What is expected
Word for word, restate every record, though not the pictures.
Data excerpts: Begin
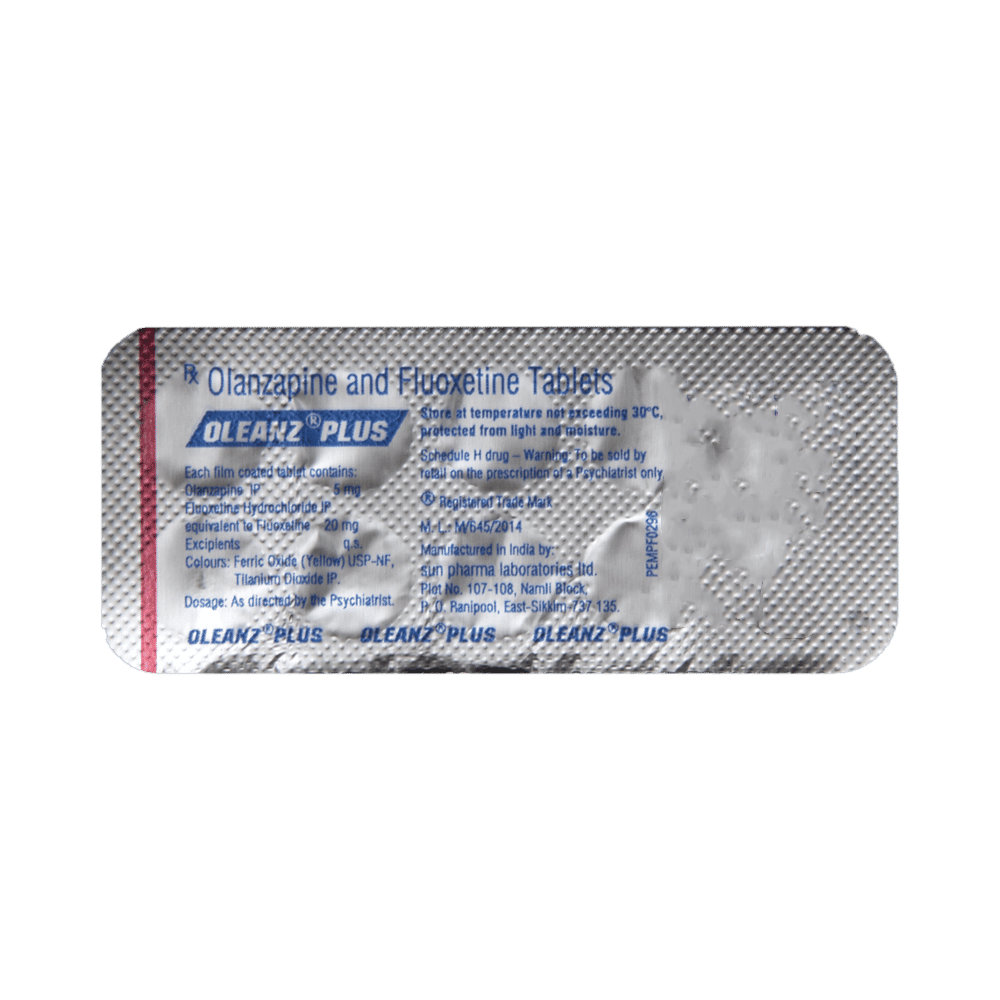 Oleanz Plus Tablet is a prescription medicine used in the treatment of depression associated with bipolar disorder. It works by increasing the level of chemical messengers in the brain, which improves mood and physical symptoms of depression. Oleanz Plus Tablet may be taken with or without food. Take it at the same time each day, as this helps maintain a consistent level of medicine in the body. Take this medicine in the dose and duration as advised by your doctor and do not miss a dose. This medication must not be stopped suddenly without talking to your doctor, as it may worsen your symptoms.Some common side effects of this medicine include dryness in the mouth, weight gain, and disturbance in attention. It may also cause dizziness and sleepiness. Do not drive or do anything that requires mental focus until you know how this medicine affects you. However, these symptoms are temporary and usually resolve on their own. Please consult your doctor if these do not subside or bother you.Before taking Oleanz Plus Tablet, inform your doctor if you are suffering from thyroid or kidney disease, epilepsy, Parkinson’s disease, glaucoma, or any heart disease. You should not take this medicine if you are under the influence of alcohol or any sleep-inducing, coughing, or allergy medication. You should avoid alcohol while taking Oleanz Plus Tablet, as it may worsen certain side effects.Oleanz Plus Tablet can also lead to weight gain, eat a healthy, balanced diet, avoid snacking with high-calorie food, and exercise regularly. Inform your doctor if you develop any unusual changes in mood or behavior, new or worsening depression, or suicidal thoughts or behavior.
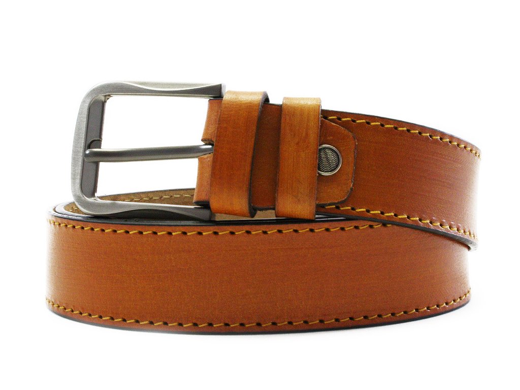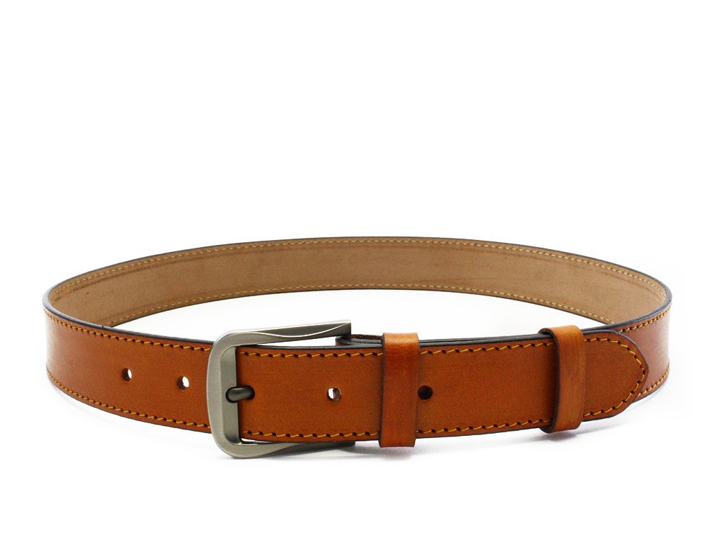 Elegantní pánský kožený opasek Tiberius ze světle hnědé pravé hovězí kůže se šířkou 3,8 cm a tmavě stříbrnou matnou...
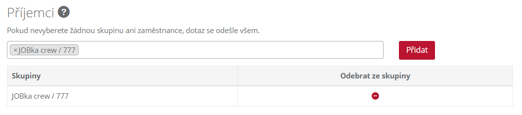 3.1 Pole Příjemci: Slouží k určení daných příjemců, tzn: pokud pole necháte prázdné, daná směrnice bude odeslána všem zaměstnancům, pokud kliknete do pole a vyberete pouze dané příjemce nebo skupiny, bude směrnice odeslána pouze jim. Pro přidání příjemce, je vždy nutné kliknout na pole Přidat.
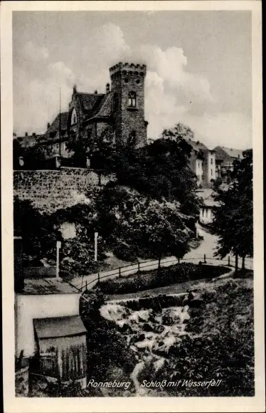 Ak Ronneburg in Thüringen, Schloss mit Wasserfall
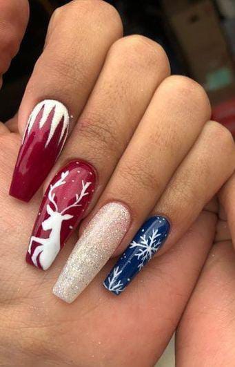 Deep red and rich blue nails decorated with a reindeer silhouette, snowflakes, and shimmering champagne glitter create a bold, festive winter holiday look. The colors feel classic and cheerful.
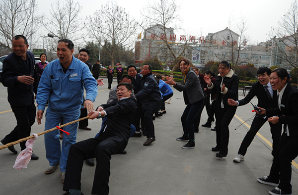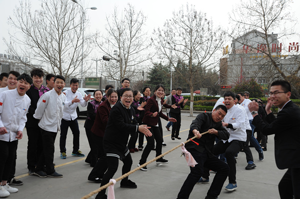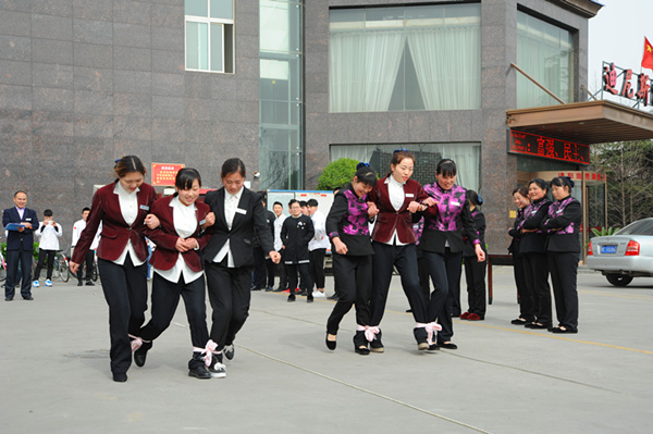 3月17日上午,迪尼斯伊川店酒店在前院广场上举行了一场别开生面的春季运动会。
Data excerpts: End
Written solution
 Oleanz Plus Tablet is a prescription medicine used in the treatment of depression associated with bipolar disorder. It works by increasing the level of chemical messengers in the brain, which improves mood and physical symptoms of depression. Oleanz Plus Tablet may be taken with or without food. Take it at the same time each day, as this helps maintain a consistent level of medicine in the body. Take this medicine in the dose and duration as advised by your doctor and do not miss a dose. This medication must not be stopped suddenly without talking to your doctor, as it may worsen your symptoms.Some common side effects of this medicine include dryness in the mouth, weight gain, and disturbance in attention. It may also cause dizziness and sleepiness. Do not drive or do anything that requires mental focus until you know how this medicine affects you. However, these symptoms are temporary and usually resolve on their own. Please consult your doctor if these do not subside or bother you.Before taking Oleanz Plus Tablet, inform your doctor if you are suffering from thyroid or kidney disease, epilepsy, Parkinson’s disease, glaucoma, or any heart disease. You should not take this medicine if you are under the influence of alcohol or any sleep-inducing, coughing, or allergy medication. You should avoid alcohol while taking Oleanz Plus Tablet, as it may worsen certain side effects.Oleanz Plus Tablet can also lead to weight gain, eat a healthy, balanced diet, avoid snacking with high-calorie food, and exercise regularly. Inform your doctor if you develop any unusual changes in mood or behavior, new or worsening depression, or suicidal thoughts or behavior.
 Elegantní pánský kožený opasek Tiberius ze světle hnědé pravé hovězí kůže se šířkou 3,8 cm a tmavě stříbrnou matnou...
 3.1 Pole Příjemci: Slouží k určení daných příjemců, tzn: pokud pole necháte prázdné, daná směrnice bude odeslána všem zaměstnancům, pokud kliknete do pole a vyberete pouze dané příjemce nebo skupiny, bude směrnice odeslána pouze jim. Pro přidání příjemce, je vždy nutné kliknout na pole Přidat.
 Ak Ronneburg in Thüringen, Schloss mit Wasserfall
 Deep red and rich blue nails decorated with a reindeer silhouette, snowflakes, and shimmering champagne glitter create a bold, festive winter holiday look. The colors feel classic and cheerful.
 3月17日上午,迪尼斯伊川店酒店在前院广场上举行了一场别开生面的春季运动会。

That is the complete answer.